This project implements a Deep Q-Learning (DQN) agent for playing Atari games using the Gymnasium library. It utilizes PyTorch for building and training the neural network model.
This repository contains the following key components:
- Agent Implementation:
Agent_DQNclass that defines the agent’s behavior. - Model Definition: Deep Q-Network (DQN) implemented in
dqn_model.py. - Training Loop: Training the agent to maximize rewards.
- Experiment Results: Performance metrics and insights from various experiments.
-
Install Miniconda and create a virtual environment:
conda create -n myenv python=3.11.4 conda activate myenv
-
Install PyTorch:
pip install torch torchvision torchaudio
-
Install required libraries:
pip install -U "ray[rllib]" ipywidgets pip install opencv-python-headless gymnasium[atari] autorom[accept-rom-license] pip install tqdm moviepy ffmpeg scipy numpy -
Run the project:
python main.py
- Train the Agent: To train the agent, simply run the
main.pyfile. The agent will explore and learn through episodes, saving models at regular intervals. - Test the Agent: Use
--test_dqnflag to load a trained model and test its performance.

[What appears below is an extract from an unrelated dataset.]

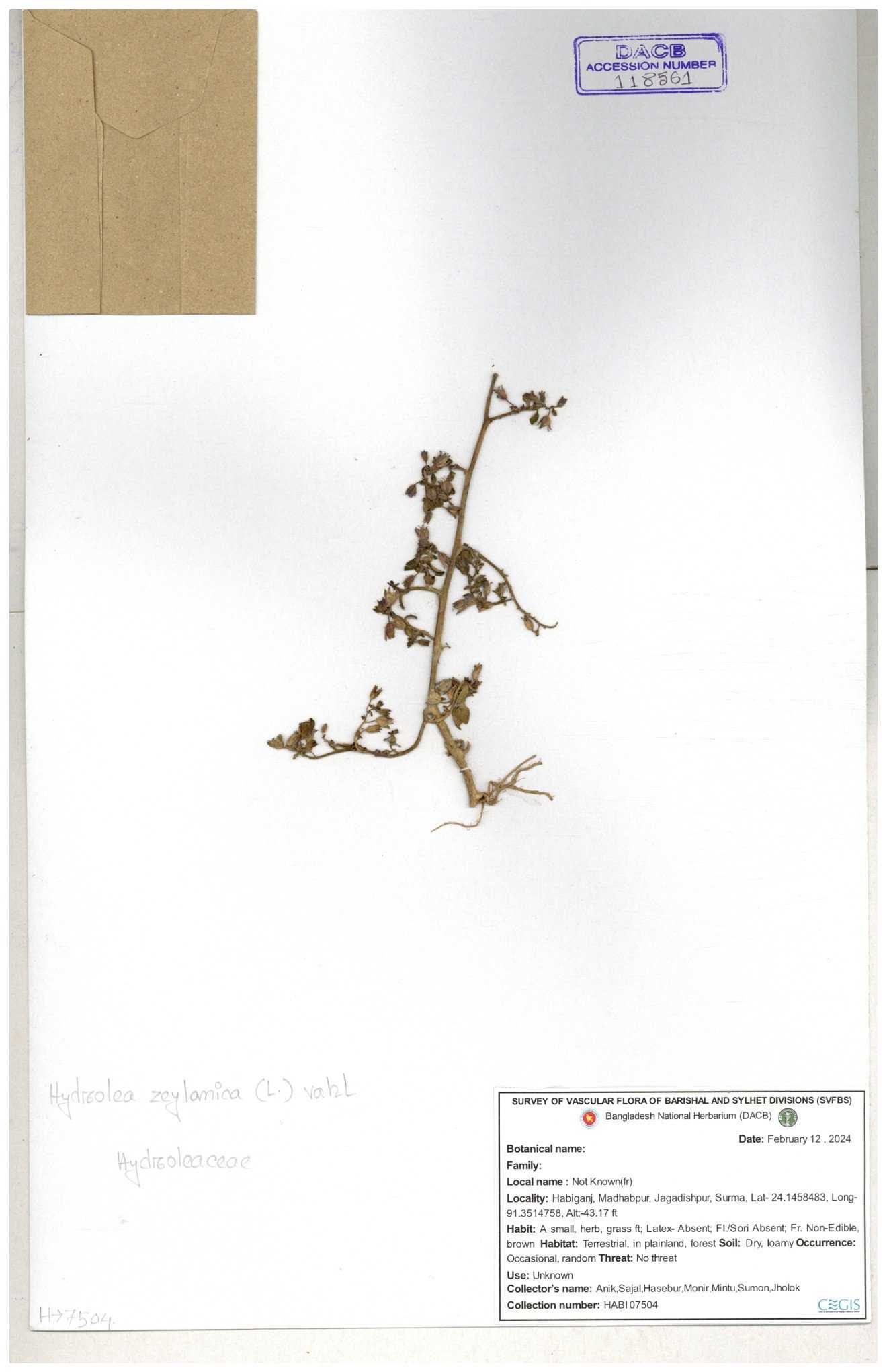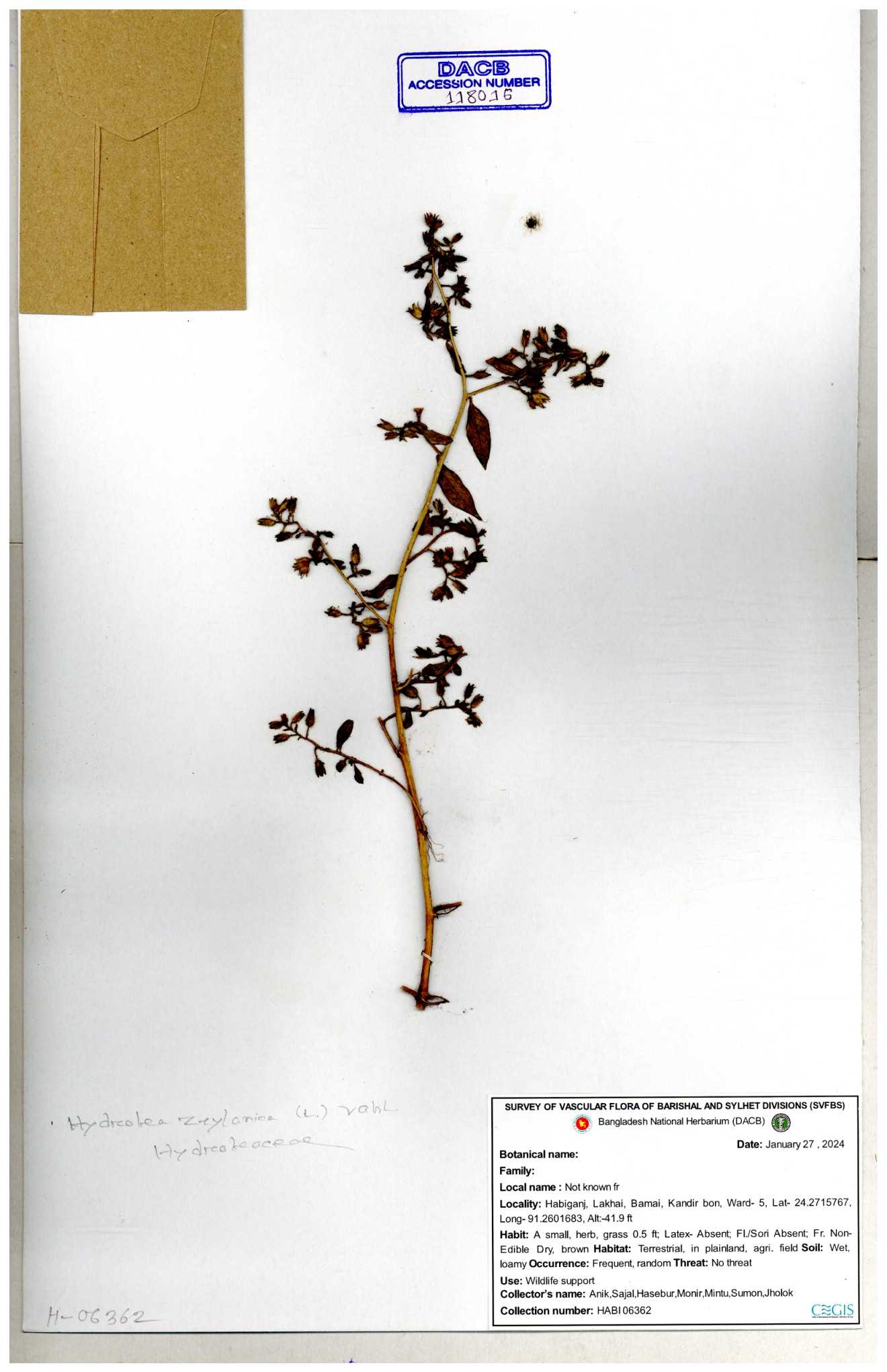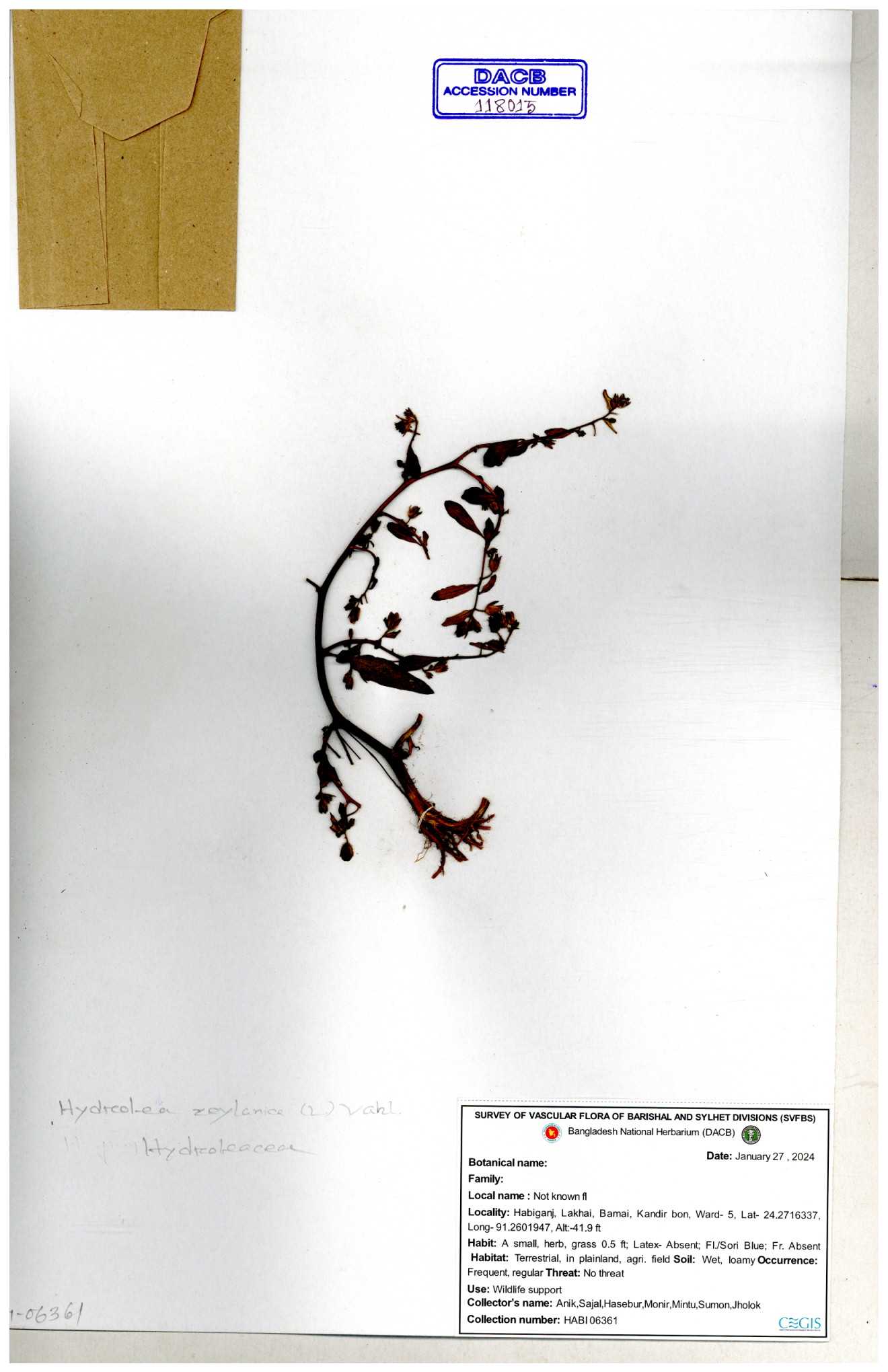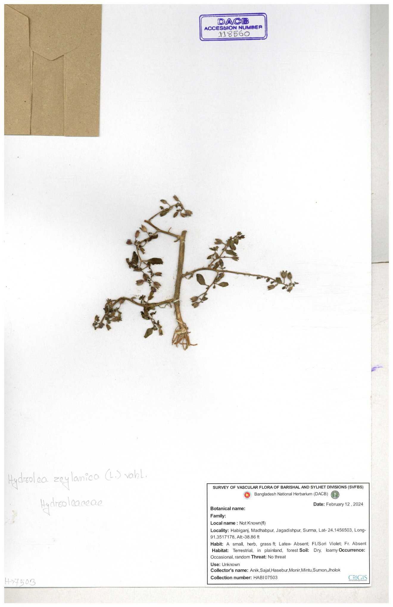 | 118560 | Hydroleaceae | Hydrolea zeylanica | 30-11--0001 |

This section outlines the set of experiments performed to train and test the DQN model. Below is a detailed account of the experimental setup, parameters varied, and key findings.
Network Structure
- Number of Layers: 3 layers (Input, Hidden, Output)
- Number of Neurons per Layer:
- Input Layer: matches state space
- Hidden Layer: 128 neurons
- Output Layer: matches action space
Hyperparameters
- Batch Size: 32
- Learning Rate: Varied between 0.000025 and 0.00025
- Gamma (Discount Factor): Fixed at 0.99
- Epsilon (Exploration Rate): Initial value 1.0, decayed over time
- Epsilon Decay: Varied between 0.02 and 0.9995
- Epsilon Min: Fixed at 0.01
- Number of Episodes: Ranged from 10,000 to 100,000
Optimization Setup
- Loss Function: Mean Squared Error (MSE)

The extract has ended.